[Collected data entries]
_ _ _ _
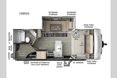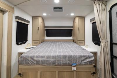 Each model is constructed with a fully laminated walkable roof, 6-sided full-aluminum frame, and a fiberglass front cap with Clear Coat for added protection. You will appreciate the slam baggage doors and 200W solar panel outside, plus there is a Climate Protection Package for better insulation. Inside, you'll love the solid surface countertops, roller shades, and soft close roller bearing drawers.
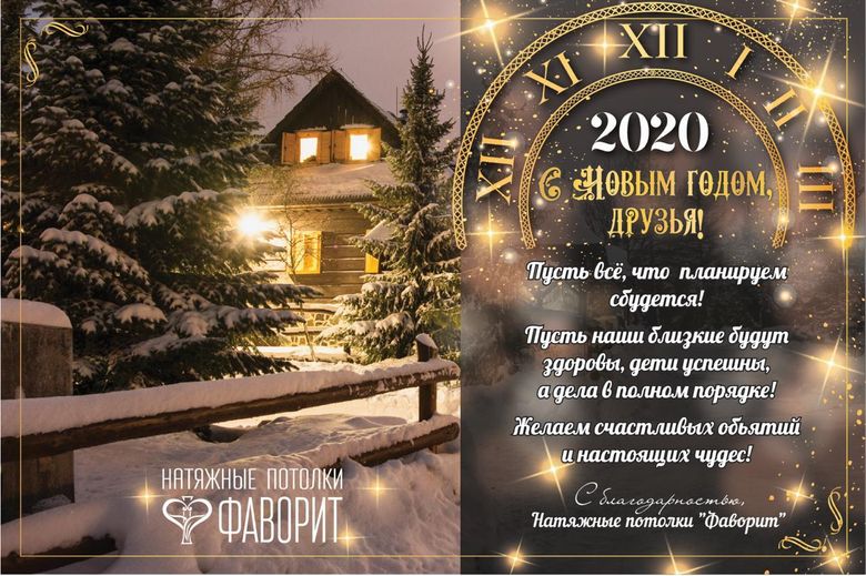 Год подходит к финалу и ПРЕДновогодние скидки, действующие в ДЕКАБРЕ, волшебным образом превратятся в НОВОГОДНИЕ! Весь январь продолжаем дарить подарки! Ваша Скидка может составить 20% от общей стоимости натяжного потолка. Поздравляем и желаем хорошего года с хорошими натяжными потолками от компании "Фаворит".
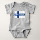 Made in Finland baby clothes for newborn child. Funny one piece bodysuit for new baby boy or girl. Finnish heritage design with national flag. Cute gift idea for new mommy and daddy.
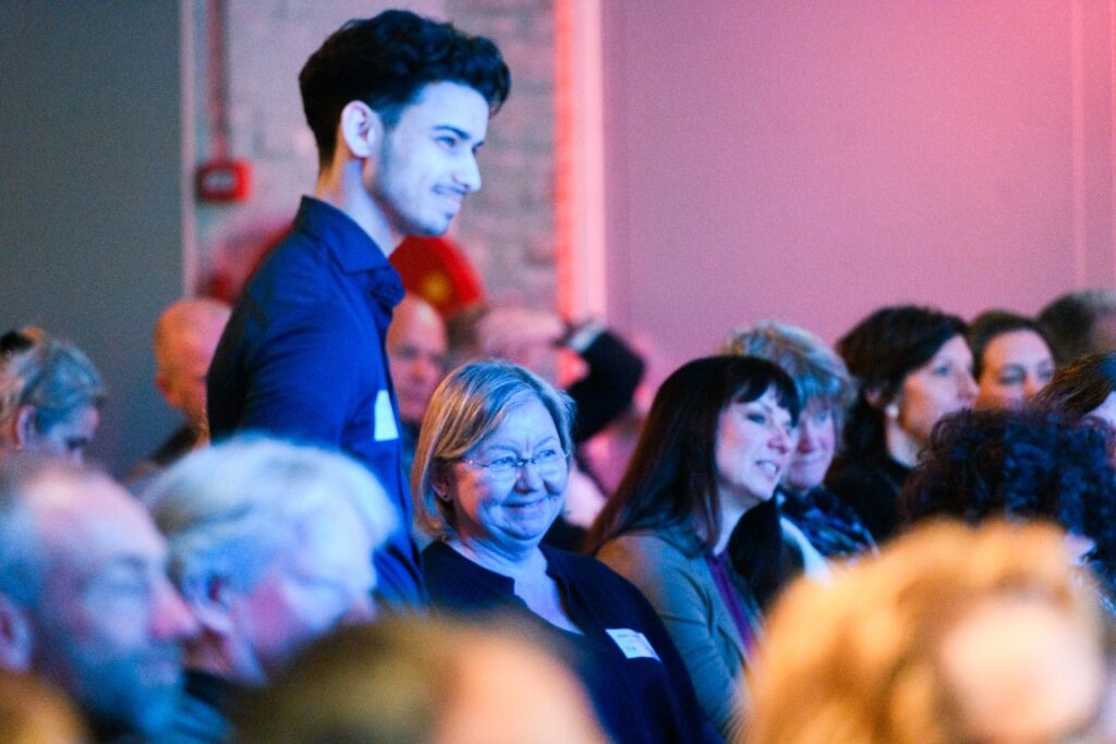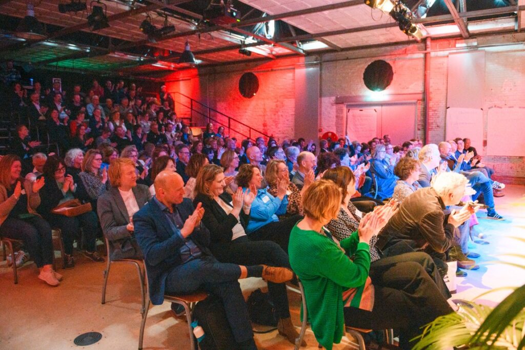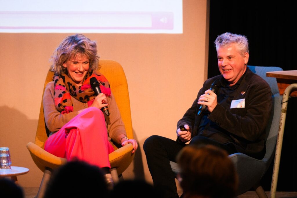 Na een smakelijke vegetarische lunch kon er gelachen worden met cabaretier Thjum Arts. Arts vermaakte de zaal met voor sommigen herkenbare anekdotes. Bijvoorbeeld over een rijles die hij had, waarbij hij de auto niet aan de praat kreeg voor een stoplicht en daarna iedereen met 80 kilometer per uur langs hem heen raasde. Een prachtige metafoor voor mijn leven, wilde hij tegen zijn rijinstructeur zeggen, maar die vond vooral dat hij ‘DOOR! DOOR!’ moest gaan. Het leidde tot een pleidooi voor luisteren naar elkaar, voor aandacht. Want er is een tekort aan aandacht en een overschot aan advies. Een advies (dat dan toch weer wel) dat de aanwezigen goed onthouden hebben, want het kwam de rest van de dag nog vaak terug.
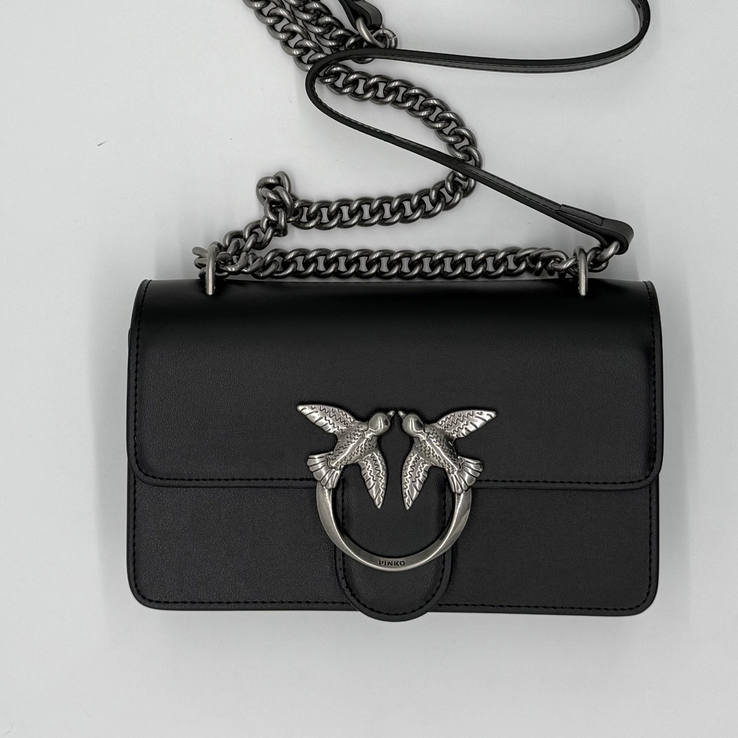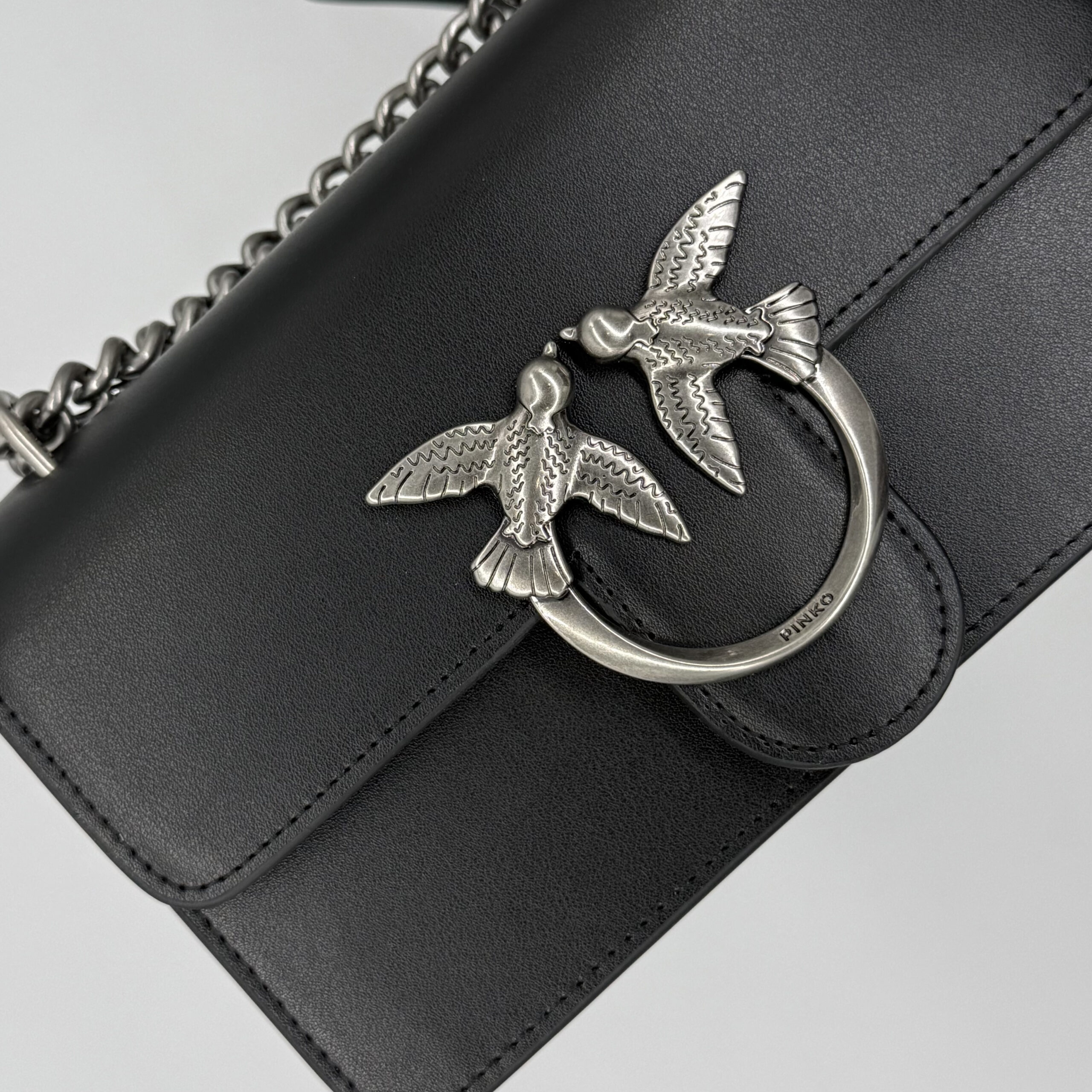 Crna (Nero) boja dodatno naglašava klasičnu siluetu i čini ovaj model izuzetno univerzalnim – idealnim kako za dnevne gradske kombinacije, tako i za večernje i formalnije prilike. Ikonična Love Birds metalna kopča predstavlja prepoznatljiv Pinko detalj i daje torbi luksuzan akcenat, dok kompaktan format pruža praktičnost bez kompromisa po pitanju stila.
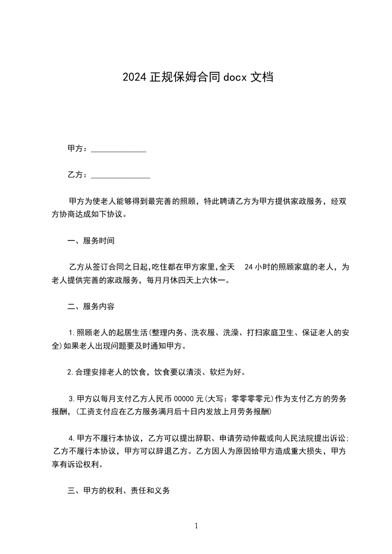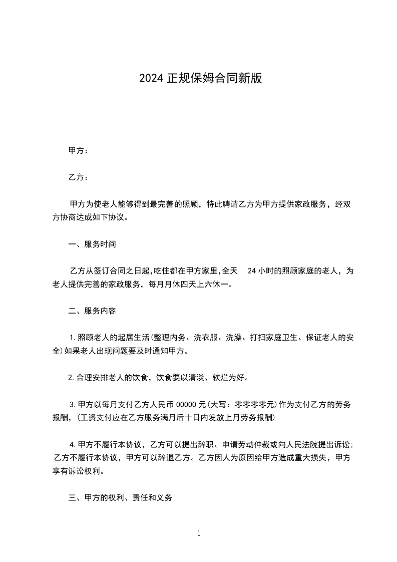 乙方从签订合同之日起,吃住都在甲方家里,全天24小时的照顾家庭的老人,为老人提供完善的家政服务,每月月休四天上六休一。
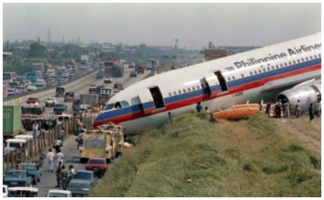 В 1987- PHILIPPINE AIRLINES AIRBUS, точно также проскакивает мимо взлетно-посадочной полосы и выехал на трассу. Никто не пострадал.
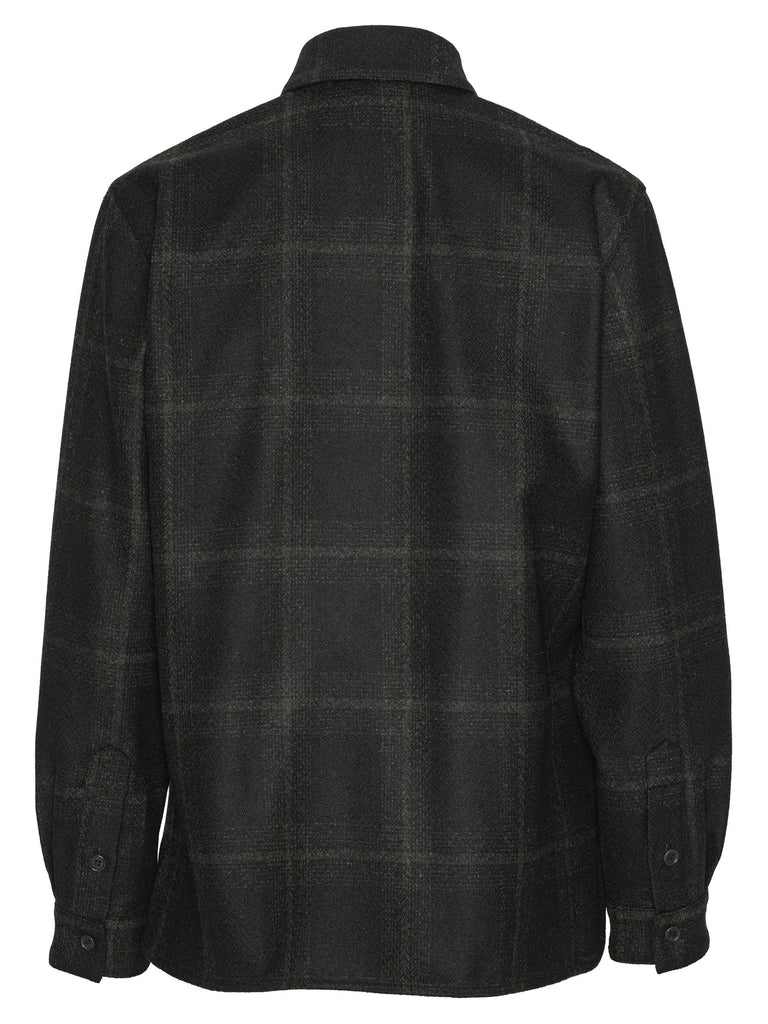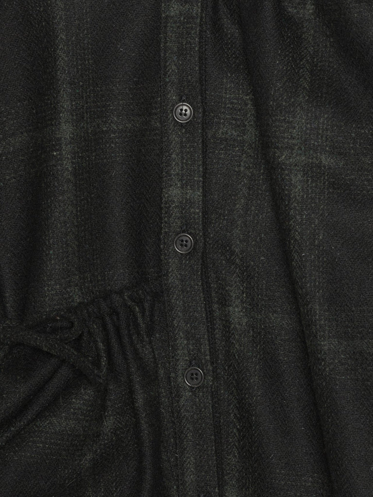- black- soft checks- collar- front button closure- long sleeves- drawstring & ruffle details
_ _ _ _
Prompt —
Return the entries exactly as given. Do not include pictures.

Problem solution —
 Each model is constructed with a fully laminated walkable roof, 6-sided full-aluminum frame, and a fiberglass front cap with Clear Coat for added protection. You will appreciate the slam baggage doors and 200W solar panel outside, plus there is a Climate Protection Package for better insulation. Inside, you'll love the solid surface countertops, roller shades, and soft close roller bearing drawers.
 Год подходит к финалу и ПРЕДновогодние скидки, действующие в ДЕКАБРЕ, волшебным образом превратятся в НОВОГОДНИЕ! Весь январь продолжаем дарить подарки! Ваша Скидка может составить 20% от общей стоимости натяжного потолка. Поздравляем и желаем хорошего года с хорошими натяжными потолками от компании "Фаворит".
 Made in Finland baby clothes for newborn child. Funny one piece bodysuit for new baby boy or girl. Finnish heritage design with national flag. Cute gift idea for new mommy and daddy.
 Na een smakelijke vegetarische lunch kon er gelachen worden met cabaretier Thjum Arts. Arts vermaakte de zaal met voor sommigen herkenbare anekdotes. Bijvoorbeeld over een rijles die hij had, waarbij hij de auto niet aan de praat kreeg voor een stoplicht en daarna iedereen met 80 kilometer per uur langs hem heen raasde. Een prachtige metafoor voor mijn leven, wilde hij tegen zijn rijinstructeur zeggen, maar die vond vooral dat hij ‘DOOR! DOOR!’ moest gaan. Het leidde tot een pleidooi voor luisteren naar elkaar, voor aandacht. Want er is een tekort aan aandacht en een overschot aan advies. Een advies (dat dan toch weer wel) dat de aanwezigen goed onthouden hebben, want het kwam de rest van de dag nog vaak terug.
 Crna (Nero) boja dodatno naglašava klasičnu siluetu i čini ovaj model izuzetno univerzalnim – idealnim kako za dnevne gradske kombinacije, tako i za večernje i formalnije prilike. Ikonična Love Birds metalna kopča predstavlja prepoznatljiv Pinko detalj i daje torbi luksuzan akcenat, dok kompaktan format pruža praktičnost bez kompromisa po pitanju stila.
 乙方从签订合同之日起,吃住都在甲方家里,全天24小时的照顾家庭的老人,为老人提供完善的家政服务,每月月休四天上六休一。
 В 1987- PHILIPPINE AIRLINES AIRBUS, точно также проскакивает мимо взлетно-посадочной полосы и выехал на трассу. Никто не пострадал.
- black- soft checks- collar- front button closure- long sleeves- drawstring & ruffle details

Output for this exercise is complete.